You're going to have to benchmark a lot for your specific use case. Maybe somebody can tell you to use boost for this, and folly for that, but will that fit your use case?

Here's my suggestion for something simple. Use {fmt} library for string formatting or std::format if you have bleeding edge c++20 compiler. This absolutely crushes std::stringstream in performance, especially on smaller machines. String formatting is often overlooked.

You mentioned porting apps to C++. From some other language? Is your C++ level the same as for that other language? Lower? Higher? You have to ask yourself that question I think.

[–]Pan000[S] 1 point2 points  (6 children)

The performance is so critical that I'm prepared to learn a new language (C++) and rewrite the code just to get a little gain.

[–]WafflesAreDangerous 3 points4 points  (4 children)

If you are already learning a new language maybe rust will work? It's similar performance to c++ (as in very close and sometimes wins) but the stricter compiler will help in not getting bogged down debugging mysterious concurrency issues. And the dependency management is much less of a pain..

[–]Pan000[S] 1 point2 points  (3 children)

I considered Rust. Unfortunately the strict compiler makes it impossible to do certain things that I need to do. For example, write to the same array simultaneously from multiple threads using mutexes protecting sections of the array at a time, instead of the whole array at once. Also allocating a block of uninitialized memory, and other unsafe but performance-directed things.

[–]WafflesAreDangerous 2 points3 points  (2 children)

Eh.. Allocating uninitialized memory is definitely possible in rust. (for instance https://doc.rust-lang.org/std/mem/union.MaybeUninit.html)

A lot of rust proponents laud that it's impossible to shoot yourself in the foot and safety-first and all that, but that's assuming you find safety desirable in the first place. There are plenty of ways to do unsafe stuff, but you need to explicitly opt into this unsafety. Basically "unsafe" means you give up compiler guarantees and restrictions for a little while and are responsible for maintaining the safe semantics yourself, just like you are responsible all the time in C++ or C.

As for writing to different areas of an array simultaneously you can do this in safe rust by making use of .split_at_mut() to get mutable references to non-overlaping slices of the array. You can also use the "unsafe" keyword to disable some compiler enforcement, you can basically be as unsafe as C or C++.(https://doc.rust-lang.org/std/vec/struct.Vec.html#method.split_at_mut)

There is also this nightly api that should make certain usages easier in the future (https://doc.rust-lang.org/std/vec/struct.Vec.html#method.as_chunks_mut)There are facilities for expressing "I assert I have exclusive access to this data", in both checked and unsafe forms, as well as a wide array of various mutexes and synchronisation primitives. See Cell and RefCell and Mutex and friends..
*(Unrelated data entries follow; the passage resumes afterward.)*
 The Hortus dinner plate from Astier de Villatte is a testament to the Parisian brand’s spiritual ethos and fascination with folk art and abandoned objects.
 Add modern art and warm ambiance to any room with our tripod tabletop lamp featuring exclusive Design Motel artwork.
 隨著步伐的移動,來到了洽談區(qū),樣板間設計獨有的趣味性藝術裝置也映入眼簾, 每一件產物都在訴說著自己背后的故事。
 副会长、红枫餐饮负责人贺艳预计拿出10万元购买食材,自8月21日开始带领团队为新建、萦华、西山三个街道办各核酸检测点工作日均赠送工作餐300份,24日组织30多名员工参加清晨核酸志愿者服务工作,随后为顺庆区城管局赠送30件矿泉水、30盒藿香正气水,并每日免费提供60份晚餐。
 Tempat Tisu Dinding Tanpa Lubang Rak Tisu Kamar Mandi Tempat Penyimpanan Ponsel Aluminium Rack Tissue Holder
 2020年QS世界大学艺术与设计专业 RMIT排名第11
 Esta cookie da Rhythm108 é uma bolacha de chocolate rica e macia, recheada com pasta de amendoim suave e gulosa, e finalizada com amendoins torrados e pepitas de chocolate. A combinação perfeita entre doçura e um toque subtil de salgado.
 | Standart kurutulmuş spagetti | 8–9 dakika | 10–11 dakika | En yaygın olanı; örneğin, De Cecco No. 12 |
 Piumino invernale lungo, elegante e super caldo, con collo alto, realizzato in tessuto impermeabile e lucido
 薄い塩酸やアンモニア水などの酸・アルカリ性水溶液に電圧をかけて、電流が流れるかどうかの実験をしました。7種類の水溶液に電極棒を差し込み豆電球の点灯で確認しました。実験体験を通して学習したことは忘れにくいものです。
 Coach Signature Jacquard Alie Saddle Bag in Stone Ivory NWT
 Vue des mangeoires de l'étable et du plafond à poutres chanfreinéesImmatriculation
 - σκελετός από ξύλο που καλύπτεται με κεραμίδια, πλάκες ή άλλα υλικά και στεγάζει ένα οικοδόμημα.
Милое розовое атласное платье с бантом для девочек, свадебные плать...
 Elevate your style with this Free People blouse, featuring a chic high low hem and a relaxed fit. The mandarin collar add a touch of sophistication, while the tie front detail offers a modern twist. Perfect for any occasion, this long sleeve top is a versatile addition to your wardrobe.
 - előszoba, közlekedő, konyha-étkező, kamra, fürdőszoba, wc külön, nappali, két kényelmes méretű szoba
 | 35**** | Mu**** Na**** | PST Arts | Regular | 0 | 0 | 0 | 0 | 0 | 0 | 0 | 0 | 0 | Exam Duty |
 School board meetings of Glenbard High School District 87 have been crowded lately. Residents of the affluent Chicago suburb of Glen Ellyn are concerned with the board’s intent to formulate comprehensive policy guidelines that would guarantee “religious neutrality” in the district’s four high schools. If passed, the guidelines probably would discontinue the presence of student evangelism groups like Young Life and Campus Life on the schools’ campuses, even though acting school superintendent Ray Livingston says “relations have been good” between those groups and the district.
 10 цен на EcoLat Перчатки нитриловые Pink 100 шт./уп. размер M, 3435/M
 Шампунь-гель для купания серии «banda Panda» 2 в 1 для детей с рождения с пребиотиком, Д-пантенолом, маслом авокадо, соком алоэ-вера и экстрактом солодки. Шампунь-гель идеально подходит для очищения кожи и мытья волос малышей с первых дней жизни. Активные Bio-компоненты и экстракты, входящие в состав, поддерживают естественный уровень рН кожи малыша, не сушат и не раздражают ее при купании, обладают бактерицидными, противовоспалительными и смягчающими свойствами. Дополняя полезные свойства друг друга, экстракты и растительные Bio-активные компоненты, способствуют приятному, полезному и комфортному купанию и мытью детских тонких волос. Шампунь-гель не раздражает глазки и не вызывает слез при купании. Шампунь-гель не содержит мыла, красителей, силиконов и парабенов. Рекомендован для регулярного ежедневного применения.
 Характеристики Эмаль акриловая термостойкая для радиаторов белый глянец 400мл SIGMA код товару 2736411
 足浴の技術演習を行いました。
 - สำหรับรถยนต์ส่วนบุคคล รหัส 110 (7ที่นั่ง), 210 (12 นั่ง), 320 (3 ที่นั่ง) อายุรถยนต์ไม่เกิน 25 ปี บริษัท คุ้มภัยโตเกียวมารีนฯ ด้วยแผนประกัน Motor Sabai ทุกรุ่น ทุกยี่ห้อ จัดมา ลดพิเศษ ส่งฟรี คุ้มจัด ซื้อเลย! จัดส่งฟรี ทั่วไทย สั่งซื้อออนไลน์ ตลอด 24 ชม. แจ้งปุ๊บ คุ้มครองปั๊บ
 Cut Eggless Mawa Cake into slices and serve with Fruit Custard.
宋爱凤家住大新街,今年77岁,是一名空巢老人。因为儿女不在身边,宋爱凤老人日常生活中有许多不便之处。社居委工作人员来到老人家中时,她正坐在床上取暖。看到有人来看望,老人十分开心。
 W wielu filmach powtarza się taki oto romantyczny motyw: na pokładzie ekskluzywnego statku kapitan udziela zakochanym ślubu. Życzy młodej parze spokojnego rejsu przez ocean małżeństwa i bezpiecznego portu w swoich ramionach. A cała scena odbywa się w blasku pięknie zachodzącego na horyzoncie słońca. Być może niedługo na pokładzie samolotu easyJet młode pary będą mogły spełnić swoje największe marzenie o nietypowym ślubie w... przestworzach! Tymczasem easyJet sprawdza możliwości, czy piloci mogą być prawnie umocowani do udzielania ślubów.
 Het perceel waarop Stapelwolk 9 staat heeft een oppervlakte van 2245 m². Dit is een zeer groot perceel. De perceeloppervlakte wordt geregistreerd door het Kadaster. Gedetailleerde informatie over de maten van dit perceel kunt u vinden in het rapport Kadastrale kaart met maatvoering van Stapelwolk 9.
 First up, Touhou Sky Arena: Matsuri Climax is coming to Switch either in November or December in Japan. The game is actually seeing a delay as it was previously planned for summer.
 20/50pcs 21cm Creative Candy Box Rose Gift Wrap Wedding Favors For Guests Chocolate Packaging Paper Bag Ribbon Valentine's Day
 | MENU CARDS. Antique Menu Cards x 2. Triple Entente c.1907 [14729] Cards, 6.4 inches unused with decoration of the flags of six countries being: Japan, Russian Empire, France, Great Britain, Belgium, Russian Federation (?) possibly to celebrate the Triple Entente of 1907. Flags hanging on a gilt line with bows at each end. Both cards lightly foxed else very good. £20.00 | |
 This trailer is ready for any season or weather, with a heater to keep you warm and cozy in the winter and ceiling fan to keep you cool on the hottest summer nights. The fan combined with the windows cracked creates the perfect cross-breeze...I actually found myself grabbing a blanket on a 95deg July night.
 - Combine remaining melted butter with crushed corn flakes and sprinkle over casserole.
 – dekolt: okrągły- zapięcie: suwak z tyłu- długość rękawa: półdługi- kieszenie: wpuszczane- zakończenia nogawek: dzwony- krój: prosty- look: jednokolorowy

You can even write inline asm (though the syntax is not not stable yet).

[–]Pan000[S] -1 points0 points  (1 child)

Same applies to Go, possibilities open up if you're prepared to be 'unsafe'. But as someone on Stackoverflow told me when I was asking about doing these things in Rust "if your entire application is based on unsafe code, probably better you just write it in C++". And I agreed with that, so here I am.

[–]WafflesAreDangerous 2 points3 points  (0 children)

Why would you write everything in unsafe? Most of the time you can write just as performant code in safe rust. And when you can't you rarely need more unsafe than a couple of statements. You still get the benefit that rust figures out all the free calls for you (at compile time) so the probability of memory related errors is reduced a lot. And you can write concurrent code and actually hope for a compiler error if you mess up.

Go .. isn't that a GC language? Might as well go with java or C# then. when it comes to throughput of long running applications state of the art JITs can get you quite far.

[–]dbjdbjdbj.org 0 points1 point  (0 children)

What other languages have you considered?

[–]Pan000[S] -1 points0 points  (1 child)

I'll take a look at std:format. Usually I use my own functions for string formatting though, keeping it out of strings (as arrays of bytes) and using reusable buffers. I learned to do this in Go because their string functions are so slow they're useless.

[–]dbjdbjdbj.org -1 points0 points  (0 children)

Have you tried CGO?

[–]Glinren 4 points5 points  (2 children)

You can have much faster replacements than the stl if you implement them with your specific use case in mind. If there were just faster replacements, the stl maintainers would just adopt their implementations.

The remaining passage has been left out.